Data entries
━━━━━━
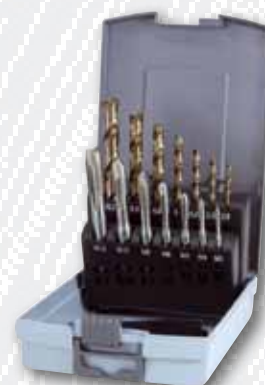
Nr. 245 051 RO
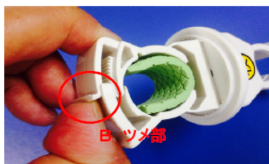
外れにくい場合は B ツメ部を持ち上げながら コインをひねって下さい。
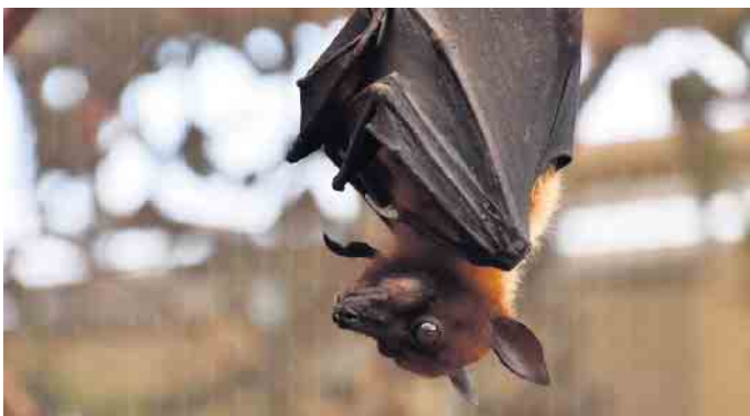
In der Stadtbücherei wird Wissenswertes zum Thema Fledermäuse vermittelt.

Kostenloses Kinder-Kreativ-Angebot der Stadtbücherei Bad Driburg
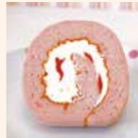
モンブランルーレ いちご
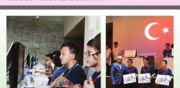
02 MAYIS Evasmık Nsli İmam Hatip Ortaokulu Osmanlıca İşini Çözdü
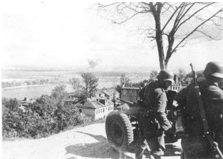
Захоплення Києва Вермахтом. Німецька гармата Рак 35/36 на вогневій позиції в Києві, на крутому березі Дніпра

Вдень 131-й п.п. німців через с. Воронківка вийшов до Демидова, де стояли частини Червоної армії та поодинокі танки, і до ранку 25 серпня захопили село Демидів, взявши в полон 30 червоноармійців, а двох полонених партизан розстріляли. Інші німецькі війська зупинились на лінії Озера-Блиставиця. До вечора 25 серпня німці зайняли Ірпінь і Бучу. Радянські війська свідомо і організовано відійшли на правий берег річки Ірпінь на лінію укріпрайону.
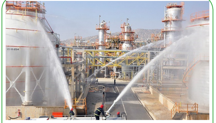
ایلام - آزمایش عملیاتی پدافند غیرعامل پتروشیمی
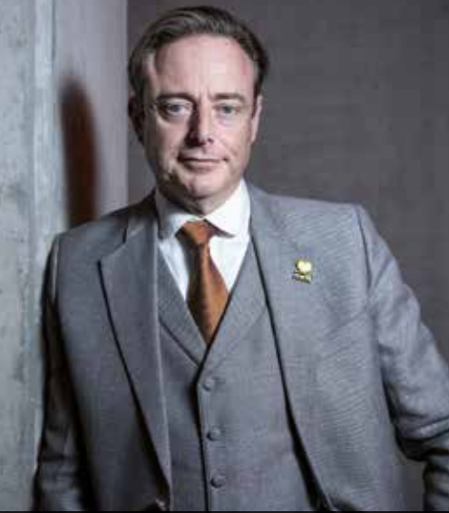
Bart De Wever | Burgemeester

“Antwerpen zal de slachtoffers van WO II nooit vergeten.
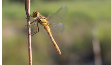
Sympetrum strié

Visite de la réserve naturelle des Grangettes , joyau de la biodiversité, pour l'observation des oiseaux, de la flore et de la faune des étangs avec le gestionnaire Romain Dupraz, romain.dupraz@pronatura.ch. Inscription obligatoire jusqu'au 4 juin. Rdv cabanon d'accueil, à 50 m de l'Eau Froide, à côté du point de collecte des Saviez. Train de Lausanne 8h01, arr. 8h25, ou parking gratuit route des Saviez ; puis 10 min à pied. Retour vers 12h, trains fréquents. Renvoi au 22.06 si mauvais temps.
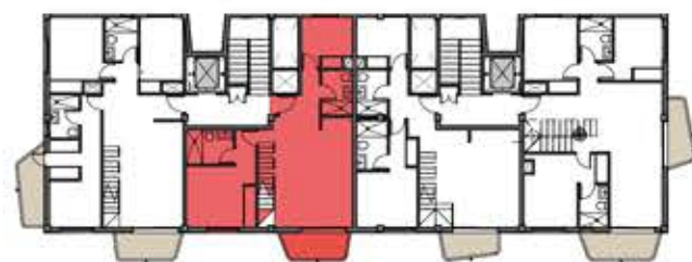
PLANTA TERCERA. SITUACION VIVIENDA EN PLANTA
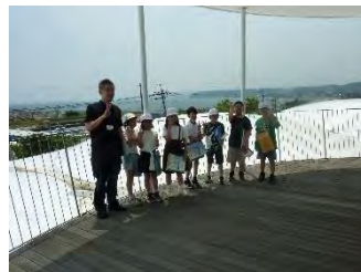
ラポルトの屋上にて
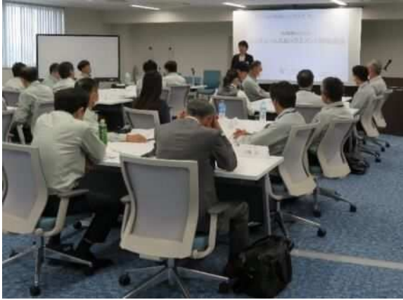
ハラスメント研修開催時の様子
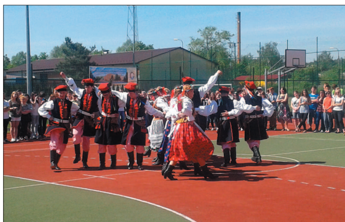
Zespół Misz-Masz zaprezentował gimnazjalistom taniec ludowy.

Podczas kolejnych prezentacji można było zobaczyć uczniów z klasy wojskowej, którzy wykonali pokaz musztry parady.
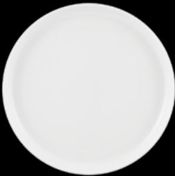
FIORD 21133895 Prato Sobremesa 22 Dessert Plate 22 Plato Postre 22 Assiette à Dessert 22 △ 545 gr A 19 mm Ø 220 mm △ 1 1/5 lbs H 3/4" Ø 8 3/4"
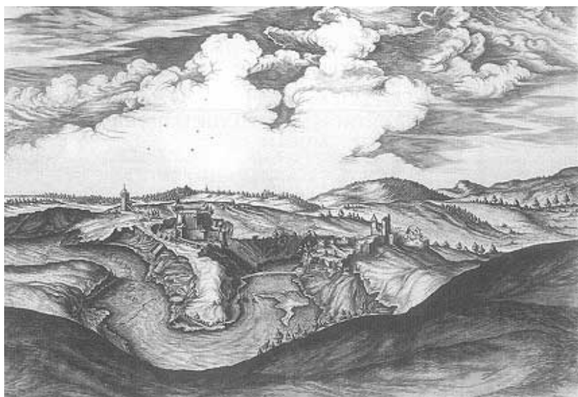
Stierov crtež Slunja s utvrdom (pogled s juga)

ska. Čak je pomalo nejasno je li se najstarija povijesna spominjanja Slunja odnose na taj prvobitni Slunj ili na sadašnji podignut na kamenitoj uzvisini velike okuke Slunjčice. Svakako valja uvažiti činjenicu da najpouzdaniji istraživač naših povijesnih utvrda Gjuro Szabo spominje odluku hrvatskih staleža još iz 1558. "da kralj utvrdi i Zrin, Komogovinu, Prekoverški Gradac, Svinicu i novi Slunj".
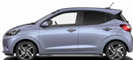
Meta Blue Pearl Kontrastdach verfügbar nicht für N Line
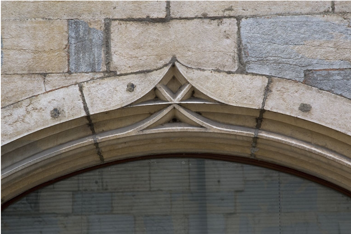
Façade antérieure : détail de l'arc en accolade de l'ancienne arcade boutiquière. 25, Besançon, 19 rue Rivotte, lieudit : îlot Porte Rivotte
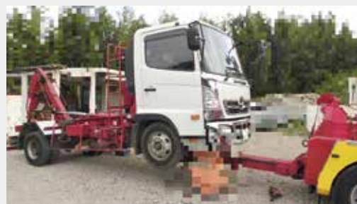
▲茂原県税事務所による差押え自動車の引揚げ例
━━━━━━
Exercise description. The result should be an exact copy of only the lines above from the one that holds "Вдень 131-й п.п." through the one that holds "Podczas kolejnych prezentacji", both ends included, without pictures.

Answer section.
Вдень 131-й п.п. німців через с. Воронківка вийшов до Демидова, де стояли частини Червоної армії та поодинокі танки, і до ранку 25 серпня захопили село Демидів, взявши в полон 30 червоноармійців, а двох полонених партизан розстріляли. Інші німецькі війська зупинились на лінії Озера-Блиставиця. До вечора 25 серпня німці зайняли Ірпінь і Бучу. Радянські війська свідомо і організовано відійшли на правий берег річки Ірпінь на лінію укріпрайону.
ایلام - آزمایش عملیاتی پدافند غیرعامل پتروشیمی
Bart De Wever | Burgemeester

“Antwerpen zal de slachtoffers van WO II nooit vergeten.
Sympetrum strié

Visite de la réserve naturelle des Grangettes , joyau de la biodiversité, pour l'observation des oiseaux, de la flore et de la faune des étangs avec le gestionnaire Romain Dupraz, romain.dupraz@pronatura.ch. Inscription obligatoire jusqu'au 4 juin. Rdv cabanon d'accueil, à 50 m de l'Eau Froide, à côté du point de collecte des Saviez. Train de Lausanne 8h01, arr. 8h25, ou parking gratuit route des Saviez ; puis 10 min à pied. Retour vers 12h, trains fréquents. Renvoi au 22.06 si mauvais temps.
PLANTA TERCERA. SITUACION VIVIENDA EN PLANTA
ラポルトの屋上にて
ハラスメント研修開催時の様子
Zespół Misz-Masz zaprezentował gimnazjalistom taniec ludowy.

Podczas kolejnych prezentacji można było zobaczyć uczniów z klasy wojskowej, którzy wykonali pokaz musztry parady.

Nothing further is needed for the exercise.